Semilir angin laut yang berhembus sore itu amatlah menyejukkan. Sekelompok kawanan burung camar beterbangan berebut ikan yang berkecipak di tanah surut. Pemandangan kian menawan kala sang surya mulai undur diri. Cahaya emas kemerahan terlihat berkilau di hamparan langit. Di sisi lain, para nelayan tampak tengah sibuk bersiap pulang kandang tepat ketika alunan azan maghrib berkumandang.

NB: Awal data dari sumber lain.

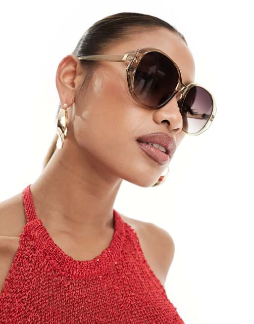 ALDO - Nami - Oversized ronde zonnebril in olijfgroen
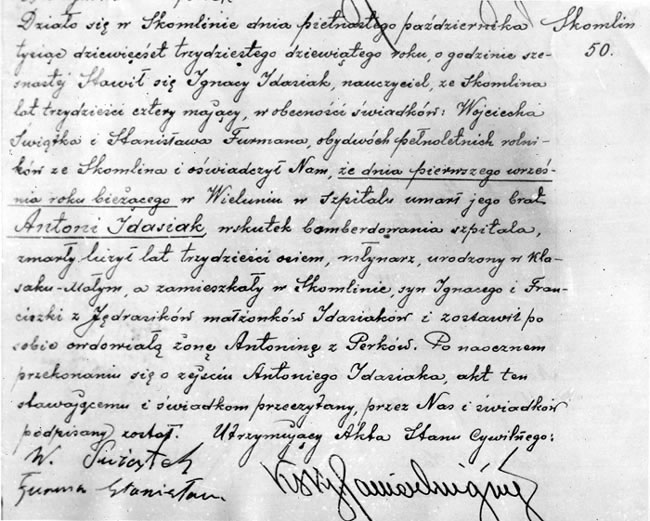 Fotokopia aktu zgonu zamordowanego w szpitalu w dniu 1 września 1939 r. |

Baca juga : Mau River Tubing di Klaten Gratis? Bisa kok Cukup Bayar Pakai Sampah
Begitulah pemandangan sehari-hari di sebuah jembatan kayu titian yang menjorok ke laut pesisir Desa Lumpur, Kabupaten Gresik. Para penduduk desa menyebut jembatan yang membentang sepanjang kurang lebih 300 meter itu dengan sebutan Geladak Gede. Geladak itu sendiri telah menjadi jalur utama bagi para nelayan yang hendak mencari nafkah di laut lepas selama bertahun-tahun lamanya.
Geladak Gede ini seluruhnya terbuat dari rangkaian kayu ulin yang memiliki warna coklat yang khas. Pada bagian lantai geladak, tertancap jajaran kayu pendek dengan jarak sekitar 5 cm antarkayunya. Karena Geladak Gede bukan tempat untuk berwisata mainstream, maka tidak dibuat pagar untuk berpegangan. Jadi, kalau sobat traveler hendak berfoto-foto menggunakan ponsel, harap berhati-hati. Soalnya, bila ponsel terjatuh, kemungkinan besar langsung nyemplung ke dasar laut.

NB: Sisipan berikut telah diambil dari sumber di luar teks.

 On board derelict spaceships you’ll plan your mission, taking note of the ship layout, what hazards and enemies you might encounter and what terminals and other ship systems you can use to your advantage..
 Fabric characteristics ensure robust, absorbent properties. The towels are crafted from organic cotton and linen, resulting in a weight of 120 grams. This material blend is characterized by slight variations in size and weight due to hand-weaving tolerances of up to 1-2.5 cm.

Dengan pemandangan yang memanjakan indera, Geladak Gede merupakan tempat yang sempurna bagi pelaku fotografi untuk mengambil gambar, khususnya saat berburu foto landscape, golden hour maupun human interest. Bahkan, ada beberapa pasangan yang hendak menikah, memilih Geladak Gede sebagai lokasi pemotretan antimainstream.

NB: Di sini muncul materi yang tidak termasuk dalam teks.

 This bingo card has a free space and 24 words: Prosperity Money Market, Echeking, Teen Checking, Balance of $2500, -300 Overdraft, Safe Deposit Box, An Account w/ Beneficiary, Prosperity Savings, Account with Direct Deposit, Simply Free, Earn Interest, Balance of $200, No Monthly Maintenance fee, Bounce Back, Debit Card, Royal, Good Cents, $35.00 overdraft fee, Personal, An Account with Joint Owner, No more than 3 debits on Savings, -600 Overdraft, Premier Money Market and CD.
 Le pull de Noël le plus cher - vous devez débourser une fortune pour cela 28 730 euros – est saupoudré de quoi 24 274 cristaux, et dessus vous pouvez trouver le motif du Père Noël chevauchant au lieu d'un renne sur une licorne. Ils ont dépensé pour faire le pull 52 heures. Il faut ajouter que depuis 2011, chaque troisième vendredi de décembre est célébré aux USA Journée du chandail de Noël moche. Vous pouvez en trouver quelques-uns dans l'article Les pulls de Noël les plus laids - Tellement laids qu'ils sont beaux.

Supaya tak terkesan kusam, warga nelayan mengecat jembatan titian itu dengan warna-warni yang cantik di beberapa spot. Sungguh Instagramable! Ketika hari semakin petang, kaum muda-mudi mulai terlihat berdatangan. Secara berkelompok maupun sendirian, mereka sibuk berpose selfie atau berburu sunset.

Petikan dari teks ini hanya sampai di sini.